Почти полгода слонялся я без дела, стесняясь взглянуть в глаза Зулейхе: жил на ее иждивении, а надо было еще и помогать дочери… «Эх, — думалось, — видно, правду говорят, что старый коготь хорош лишь чесать укромное место!..» Однажды и Зулейха призналась, что устала, и спросила: не бросить ли ей тяжелую работу в поле и не поступить ли подавальщицей в кафе? Тогда как раз построили новое кафе «Тополек» на самом оживленном месте, недалеко от остановки автобуса и от базара недалеко. И было оно похоже на сказочный терем-теремок из пластика, железных рам и огромных стекол.
— Ну что ж, если тебе так хочется… — ответил я, хоть и не хотелось порывать с колхозом, потому что доходы там возрастали… — Конечно, в кафе работа спокойнее. Впрочем, и в колхозе…
— А почему бы тебе не поработать в колхозе? — вдруг сказала Зулейха и сразу смутилась, застеснялась. — Это я просто так… Не хочешь, не надо. И так проживем… Вот только не удалось отремонтировать крышу. Другие новые сакли строят, а мы…
И украдкой утерла глаза.
— Ты права. Так и сделаем, я пойду в колхоз. Не унывай, Зулейха! Если две головы согласны, а четыре руки работают, то, говорят, дом богатеет…
— Дом пустой, — жаловалась Зулейха. — Даже стыдно заходить к другим, просто завидно, покупают мебель, обставляются… Я одна отстала от всех. И не знаю почему, работаю как будто не хуже…
— Понимаю, Зулейха, тебе трудно, в этой сакле ты одна работаешь… Сегодня же пойду к Алибеку!
— Только попроси легкую работу, ты же болен…
Так и сделали. Жена стала буфетчицей в «Топольке», а я… Я стал чабаном. Нелегкая работа для старика, но зато знакомая издавна, да и хорошо оплачивается. Не случайно ведь говорят, что в наше время чабан живет богаче любого районного хакима! Два мугринских чабана уже купили легковые машины…

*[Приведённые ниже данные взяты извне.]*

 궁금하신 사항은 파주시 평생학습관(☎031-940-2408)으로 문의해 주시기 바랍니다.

Вы можете, уважаемые, посмеяться не без иронии: мол, обнищал князь, потянулся за длинным рублем!
Да, вы правы, к наживе потянулась душа, на старости лет захотелось накопить добра, порадовать жену и дочь, которая училась старательно и даже получала повышенную стипендию. Но вы знаете, девушке в городе, где каждый год меняются моды и люди делаются все наряднее, нельзя отставать от других. А какой же я отец, если не могу приодеть единственную дочь?!

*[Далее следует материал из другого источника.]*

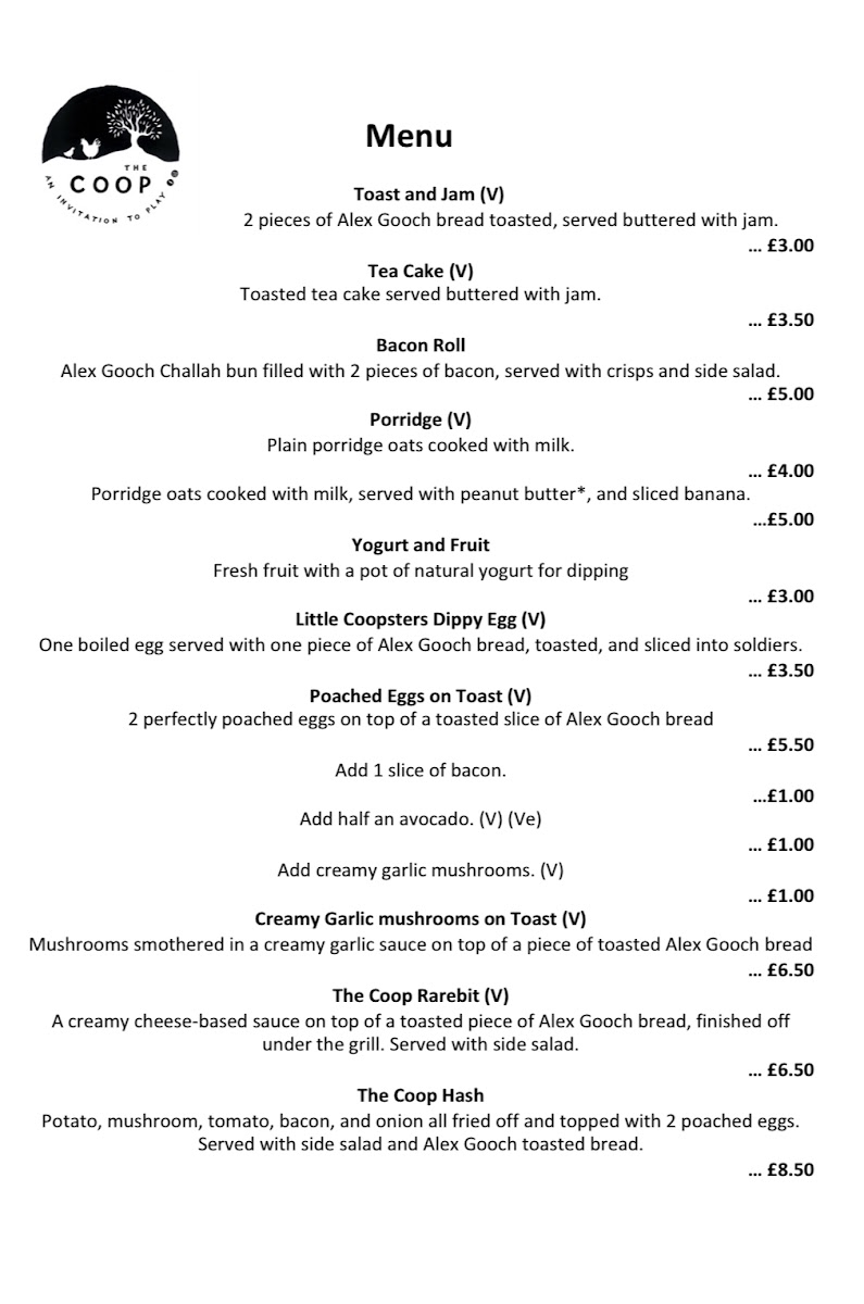 Start your day with comforting options like Poached Eggs on Toast or a warm Bacon Roll. For those with a sweeter tooth, the Toast and Jam or a slice of delicious Tea Cake won't disappoint. Families will appreciate the Little Coopsters Dippy Egg and homemade sausages, paired with fresh salads like the Buddha Bowl. The Crown Jewel? The rich and flavorful Coop Rarebit.

Чабаном я почти полгода блуждал далеко от дома на зимовьях в Ногайских степях, где жить приходилось в дедовских землянках и где бурка, как было исстари, заменяла нередко и крышу, и постель. Как и другие, держал в колхозной отаре и своих овец. Сперва было у меня всего три овцы, а через три года стало уже двадцать шесть, и осенью уже мог шесть-семь баранов продать на базаре, а двух-трех зарезать для семьи. За эти годы приоделись сами и дочку порадовали обновками: всякий раз, возвращаясь с зимовья, я навещал ее и делал подарки. Дела наши поправлялись. И главное, если прежде слова «пастух», «чабан» произносили с презрением, будто говорили о получеловеке-полуживотном, то теперь чабан гордился своим занятием, как профессор на кафедре.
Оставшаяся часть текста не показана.